Increased beer sales in Q2 and Q3 2018 were also driven in part by good weather, which encouraged people to get out and visit their local, making full use of the pub garden.

Sales also received a boost when the UK government froze the beer tax in the 2018 Autumn Budget.

The Association noted: "Although the World Cup was a welcome boost to pubs this year, leading to a notable increase in beer sales, it only comes around once every four years. This means pubs cannot rely on it for growth.
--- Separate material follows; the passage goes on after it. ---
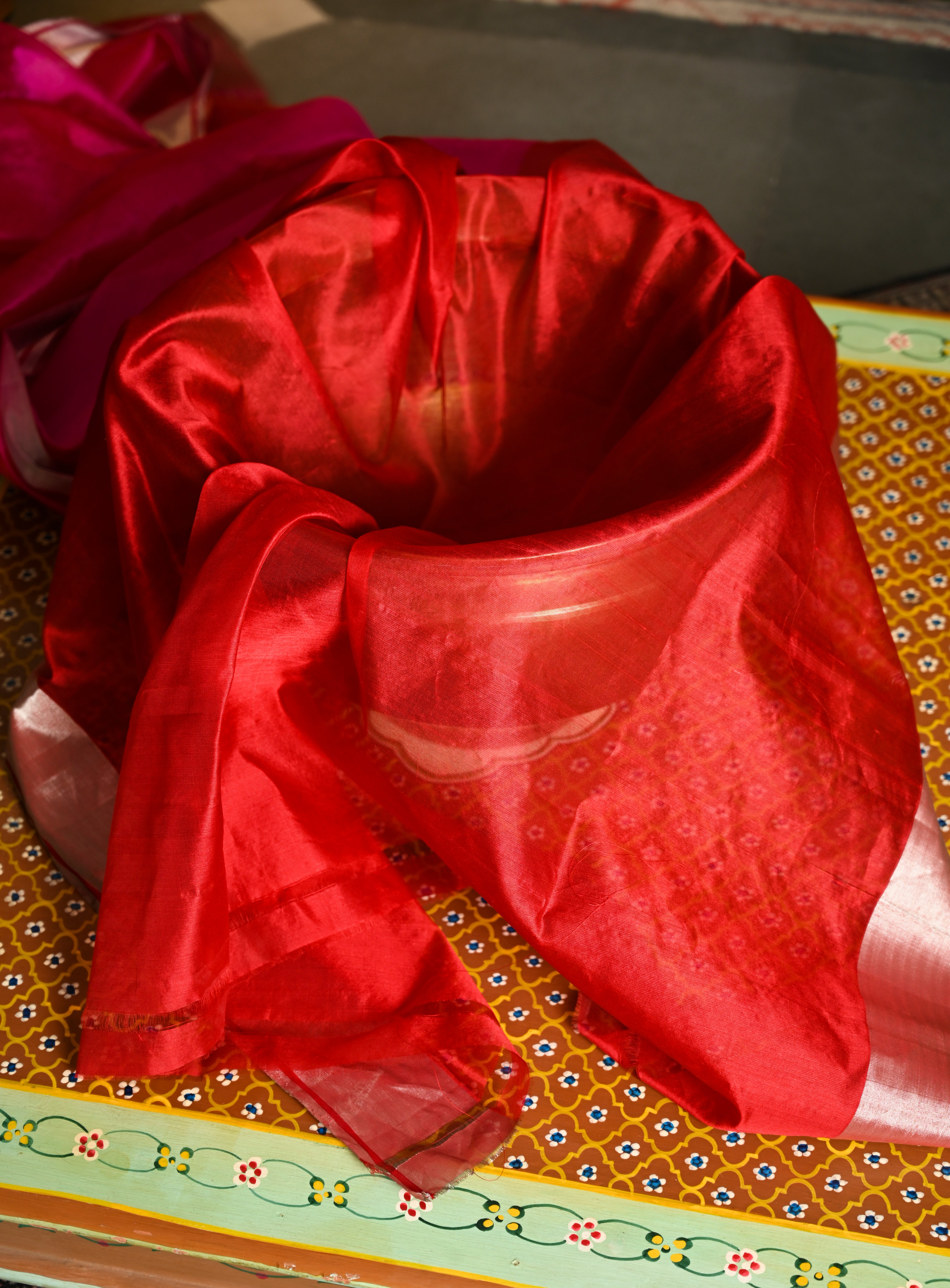 The vibrant hot pink base paired with a contrasting red blouse makes it a rare combination of tradition and modern elegance.

Good weather cannot be relied on by pubs or off trade businesses to boost beer sales either.

"The Chancellor’s decision to freeze beer duty in his most recent Budget was therefore very welcome and appears to have had an immediate impact on the industry, with beer sales increasing in Q4 2018. In particular, pubs benefited from a strong end to 2018 with beer sales growing by 2.2% in Q4 2018 compared to the same period in 2017. This was the first time Q4 beer sales grew in the on trade since 2011."

Brigid Simmonds, Chief Executive of British Beer & Pub Association, said it had been a good year for beer and pubs.

“Considering the heavy cost burdens the industry faces from high beer duty, business rates and rising costs in general, it’s great to see beer sales doing the best they have for some years,” she said.

“This shows just how important reducing the beer tax burden is to boosting sales of beer and helping pubs with their footfall,” she said. “As the UK’s alcoholic drink of choice, which continues to have a much bigger, positive impact on the UK economy than any other drink, it is important that beer continues to do well and that the Chancellor continues to support pubs.”